Currency Pair of the Week: GBP/AUD
Joe Perry August 2, 2021 11:11 PM
With the possibility of a more dovish RBA and a more hawkish BOE, GBP/AUD may have more volatility than some other pairs this week!
Since the full reopening of the UK from Covid-19 restrictions on July 21st, the Great British Pound has been ripping higher. Thus far, the reopening has gone well with reports of declines in coronavirus cases in the UK, as opposed to many other countries around the world where the number of new daily cases are increasing. The direction of the coronavirus, in particular the Delta variant, will be one of the main topics discussed when the BOE meets on Thursday. Deputy Governor Ramsden and MPC member Saunders have said that they would like to begin reigning in the bond-buying program sooner than later as inflation reached 2.5% in June and is expected to temporarily rise to 3%. The UK’s current bond buying program will conclude at the end of the year. However, with the UK furlough program ending on September 30th, the Committee may not be in a hurry to taper further as they wait for more data once the program ends. Economic projections are also due at the meeting and it will be important to watch inflation and GDP forecasts.
After holding the coronavirus at bay for more than a year, Australia has been hit particularly hard by the Delta variant. Sydney has been in lockdown since June 26th, which has ben extended indefinitely. Soldiers are currently patrolling the streets to enforce the stay at home rule. In addition, Brisbane is currently in lockdown. The lockdown was set to expire on Tuesday; however, it has been extended until Sunday. This makes for a tough decision for the RBA, which meets on Tuesday. The RBA has been in tapering mode, decreasing asset purchases from A$5 billion per week to A$4 billion per week. However, with PMIs, Retail Sales, and Employment dropping during June and inflation rising during Q2, the RBA may have to changed direction and increase bond buying this month to support the economy. The rise in coronavirus cases is proving to be tougher to deal with than expected, the poor economic data as of late may cause the central bank to increase bond purchases.
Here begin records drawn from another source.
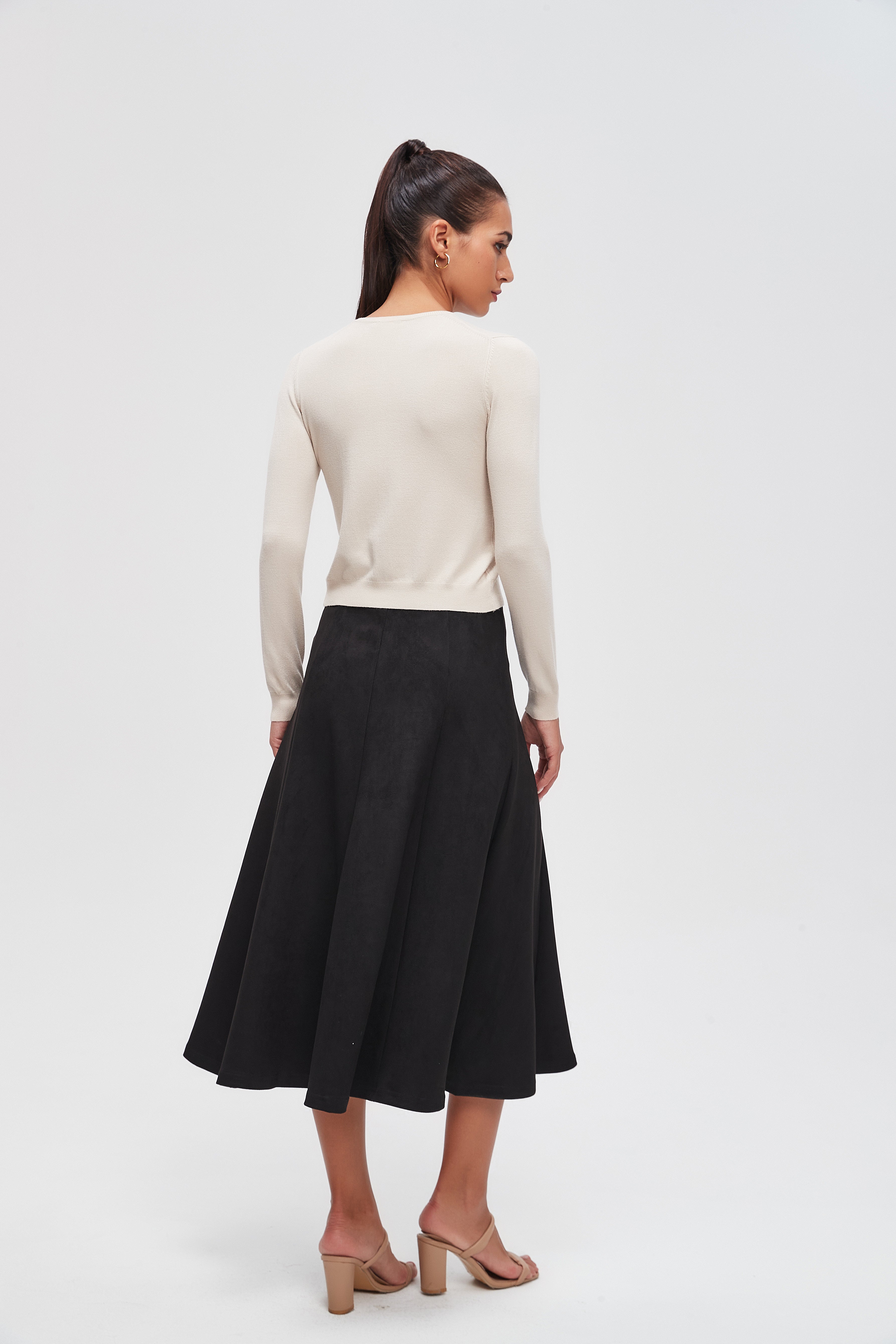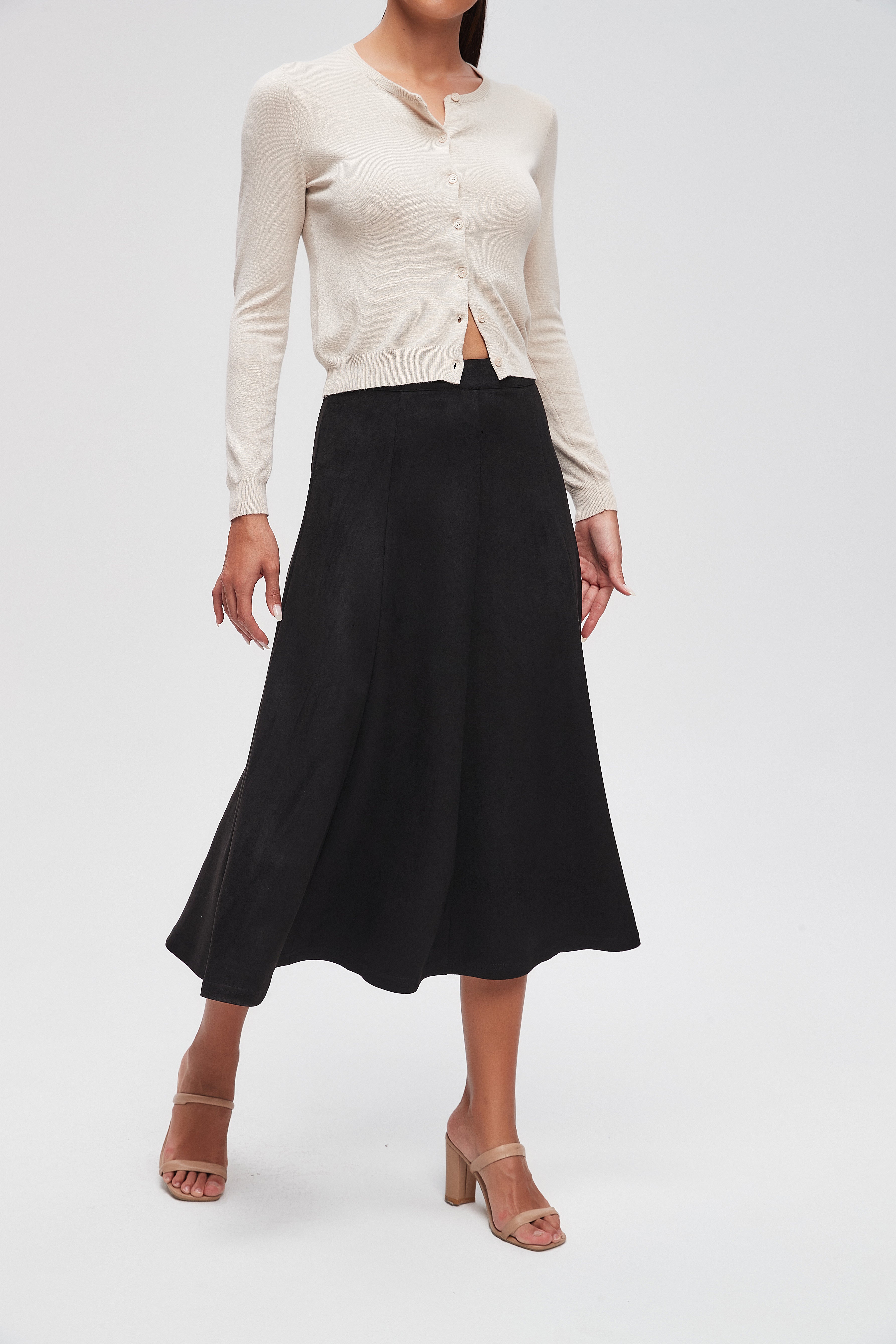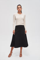 Transform your everyday style with the Solid Midi Skirt with a Flared Cut. This timeless piece offers a perfect blend of elegance and comfort, making it a must-have for any wardrobe. Crafted from high-quality fabric, it drapes beautifully and moves gracefully with you. The flared cut adds a touch of flair, making it versatile for both casual outings and more formal occasions. Available in classic colors, this skirt pairs effortlessly with your favorite tops and accessories. Product Number: lv0260w254jn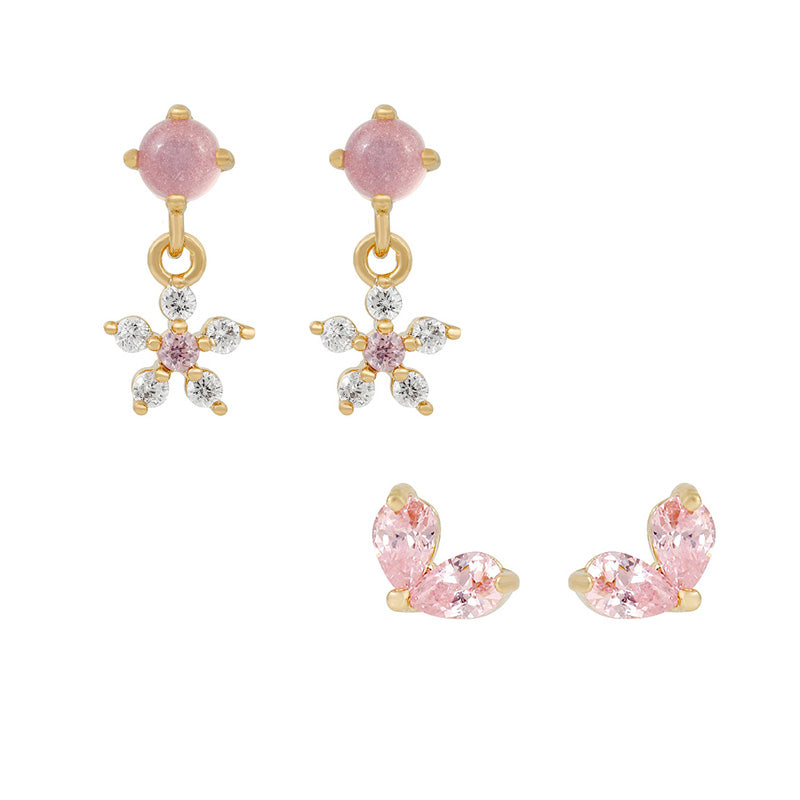 Soft Sparkle, Double the Charm! Bring a rosy glow to your ear stack with this dreamy duo! Featuring one pair of delicate pink zircon studs that radiate effortless elegance, and a second pair of sweet floral drop studs sprinkled with soft sparkle. Whether you’re mixing, matching, or stacking, these pretty pink accents are perfect for adding a gentle, feminine touch to every outfit. Stack them up for a playful vibe or wear solo for a subtle shine!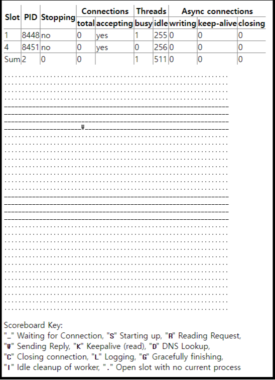 - mod_status : Apache의 상태(connection갯수, resource사용률, threads수 등)를 실시간으로 모니터링 할 수 있는 모듈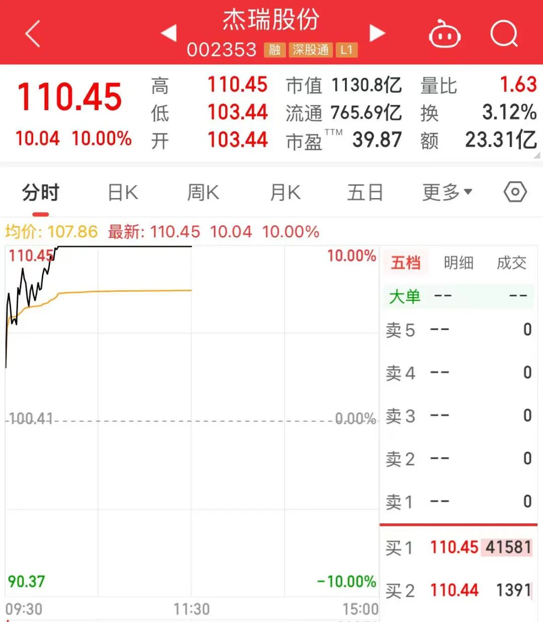 另一个热点是杰瑞股份涨停,最新市值1130.8亿元。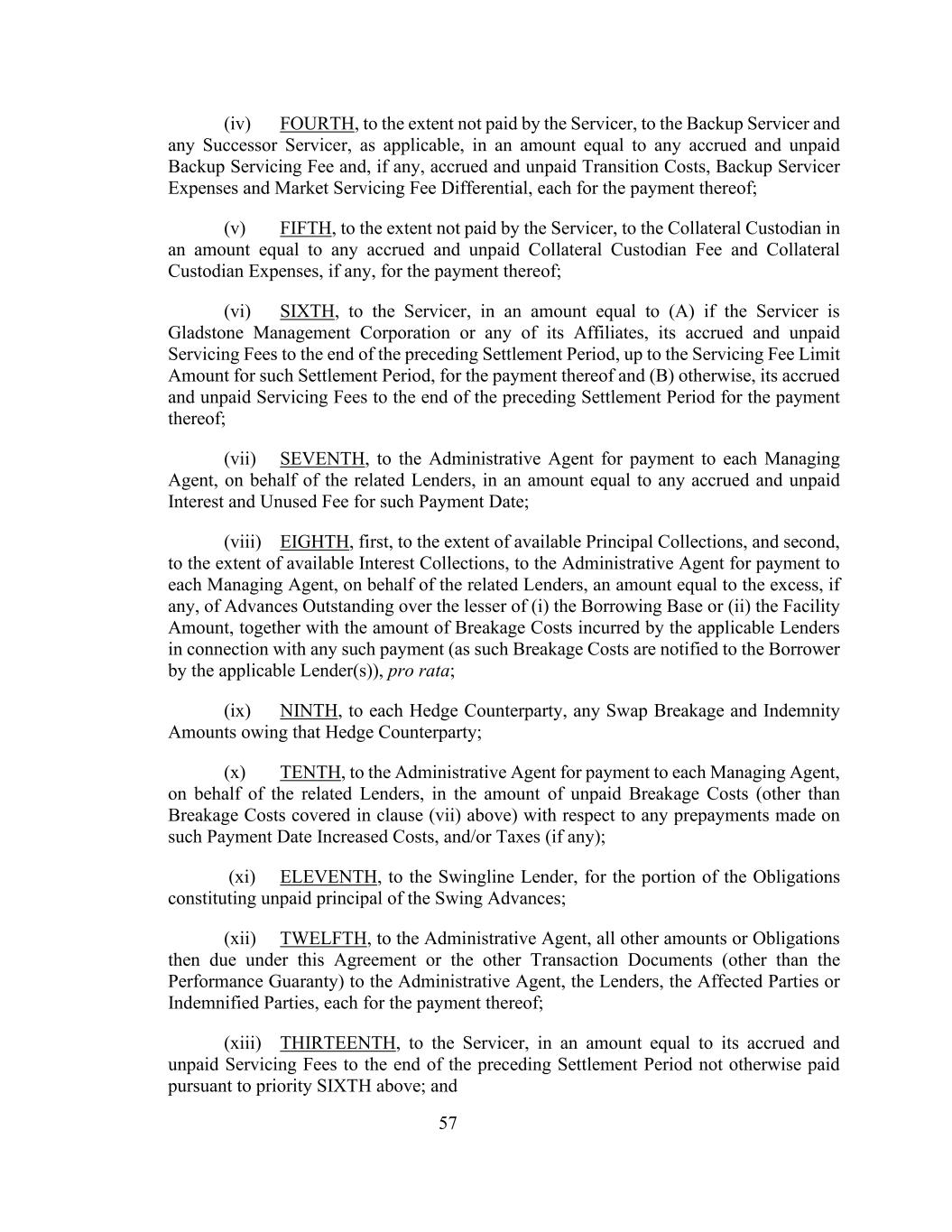 57(iv)在服务商未支付的范围内,向备用服务商和任何继任服务商(如适用)支付第四笔款项,金额相当于任何应计和未支付的备用服务费,以及(如有)应计和未支付的过渡费用、备用服务商费用和市场服务费差额,每笔款项均用于支付;(v)在服务商未支付的范围内,向附属托管人支付第五笔款项,金额相当于任何应计和未支付的附属托管费和附属托管费用(如有),用于支付;(vi)第六笔款项,向服务商,金额等于(a)如服务人是Gladstone Management Corporation或其任何附属公司,则其截至上一结算期结束时的应计未付服务费,最高可达该结算期的服务费限额金额,以供支付;及(b)否则,其截至上一结算期结束时的应计未付服务费以供支付;(vii)第七,代相关贷款人向行政代理人支付给各管理代理人,金额相当于该付款日期的任何应计未付利息和未使用费用;(viii)第八项,第一项,以可用的本金收款为限,第二项,以可用的利息收款为限,向行政代理人支付代表相关贷款人向各管理代理人支付的金额,金额等于(i)借款基数或(ii)融资金额中较低者的未偿预付款的超额部分(如有),连同适用的放款人就任何该等付款而招致的破碎费金额(因为该等破碎费由适用的放款人(s)通知借款人),按比例计算;(ix)第九次,向每一对冲对手方,拖欠该对冲对手方的任何掉期破碎费和赔偿额;(x)第十次,向行政代理人代表相关放款人就在该付款日期作出的任何预付款项支付的未付破碎费金额(上述第(vii)条所涵盖的破碎费除外)增加的费用,和/或税款(如有);(xi)第十一次,向Swingline贷款人支付构成周转预付款未付本金的部分债务;(xii)第十二次,向行政代理人支付根据本协议或其他交易文件(履约保函除外)当时应向行政代理人、贷款人、受影响各方或受赔偿各方支付的所有其他款项或义务;(xiii)第十三次,向服务商支付相当于其截至上一个结算期结束时的应计未付服务费的金额,但未根据上述优先顺序第六次支付;和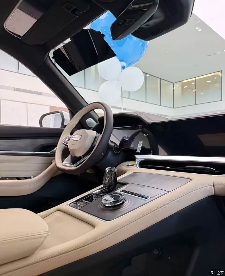 内饰的豪华感绝对是越级的表现。白棕双拼的配色高级感十足,大屏的设计科技感爆棚,中控台的缝线工艺精细到0.3mm级别。音响的音质清澈透亮,在车内听音乐是种享受。

On a weekly timeframe, GBP/AUD has been in a symmetrical triangle since March 2013. Most recently, in the Fall of 2020, the pair pulled back from the top trendline of the triangle to test the bottom trendline, near 1.7416 and held. Since then, GBP/AUD has bounced and broke through the 38.2% Fibonacci retracement level from the March 2020 highs to the January lows near 1.8738. The next resistance above on the weekly timeframe is the 50% retracement level of the same timeframe bear 1.9148.
Source: Tradingview, StoneX
On a daily timeframe, GBP/AUD had been trading in a range since June 1st, 2020 between 1.7416 and 1.8475. Within that range, the pair broke out of a symmetrical triangle near 1.8225 and continued higher, breaking out of the range on June 8th. The pair halted at horizontal resistance near 1.8990, which provides the first level of resistance. Above there is the previously mentioned 50% retracement level and then horizontal resistance near 1.9300. Notice that the daily RSI is in overbought territory and turning lower. This may allow for a pullback as the RSI moves into neutral territory. Horizontal support below is at top of the previous range near 1.8475 and the July 6th lows near 1.8255. Below there, support is at the top downward sloping trendline of the symmetrical triangle near 1.8100.
Source: Tradingview, StoneX
As with most currency pairs this week, there is potential for volatility in GBP/AUD due to the spread of the delta variant of the coronavirus. Throw in a possible more dovish RBA and a possible more hawkish BOE, and GBP/AUD may have more volatility than some other pairs!